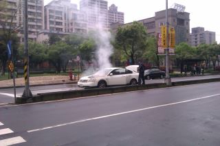 車主趕緊拿礦泉水來澆~還邊打電話~
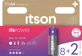 ItsPOWER Alkaline-Batterien von itson eignen sich optimal für die meisten Haushaltgeräte und überzeugen durch ein hervorragendes Preis-/Leistungsverhältnis. Uhren, Fernbedienungen, Taschenlampen und alle anderen Geräte mit geringem bis mittlerem Stromverbrauch werden durch diese Batterie ideal versorgt. Eingebaute Schutzmechanismen sorgen für einen ausgezeichneten Auslaufschutz und den Erhalt der Batterieleistung, auch nach jahrelanger Lagerung (bei Raumtemperatur). Mit nachhaltigen Batterien die Zukunft verändern - die Größen AA, AAA, C und D werden in der EU mit 100% erneuerbarer Energie hergestellt. Die kunststofffreie Verpackung rundet den geringeren ökologischen Fußabdruck aufgrund niedriger CO2-Emissionen ab. Die Mindesthalbarkeit beträgt 120 Monate.
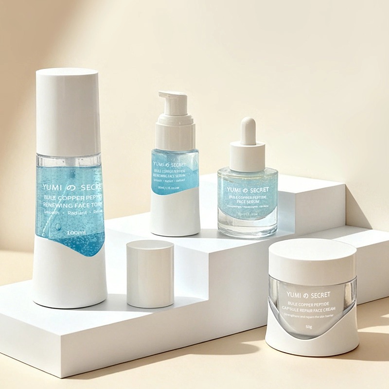 Il nostro team di scienziati professionisti con dottorato di ricerca ha sviluppato la Blue Copper Peptide Series con tecnologia a microcapsule: una linea di prodotti anti-età delicata ma altamente efficace, specificamente studiata per pelli sensibili e soggette ad arrossamenti, e prodotta nella nostra camera bianca certificata GMPC. In qualità di produttori di prodotti per la cura della pelle a marchio privato con oltre 20 anni di esperienza, offriamo un supporto completo al vostro marchio in ogni fase, dallo sviluppo iniziale della formulazione e dall'integrazione tecnica approfondita alla progettazione di packaging personalizzato e alla produzione finale.

--

_Your objective:_
Starting at the line that holds "ItsPOWER Alkaline-Batterien von", copy each line exactly through the end of the material above, keeping both ends and dropping the pictures.

_Exercise result:_
 ItsPOWER Alkaline-Batterien von itson eignen sich optimal für die meisten Haushaltgeräte und überzeugen durch ein hervorragendes Preis-/Leistungsverhältnis. Uhren, Fernbedienungen, Taschenlampen und alle anderen Geräte mit geringem bis mittlerem Stromverbrauch werden durch diese Batterie ideal versorgt. Eingebaute Schutzmechanismen sorgen für einen ausgezeichneten Auslaufschutz und den Erhalt der Batterieleistung, auch nach jahrelanger Lagerung (bei Raumtemperatur). Mit nachhaltigen Batterien die Zukunft verändern - die Größen AA, AAA, C und D werden in der EU mit 100% erneuerbarer Energie hergestellt. Die kunststofffreie Verpackung rundet den geringeren ökologischen Fußabdruck aufgrund niedriger CO2-Emissionen ab. Die Mindesthalbarkeit beträgt 120 Monate.
 Il nostro team di scienziati professionisti con dottorato di ricerca ha sviluppato la Blue Copper Peptide Series con tecnologia a microcapsule: una linea di prodotti anti-età delicata ma altamente efficace, specificamente studiata per pelli sensibili e soggette ad arrossamenti, e prodotta nella nostra camera bianca certificata GMPC. In qualità di produttori di prodotti per la cura della pelle a marchio privato con oltre 20 anni di esperienza, offriamo un supporto completo al vostro marchio in ogni fase, dallo sviluppo iniziale della formulazione e dall'integrazione tecnica approfondita alla progettazione di packaging personalizzato e alla produzione finale.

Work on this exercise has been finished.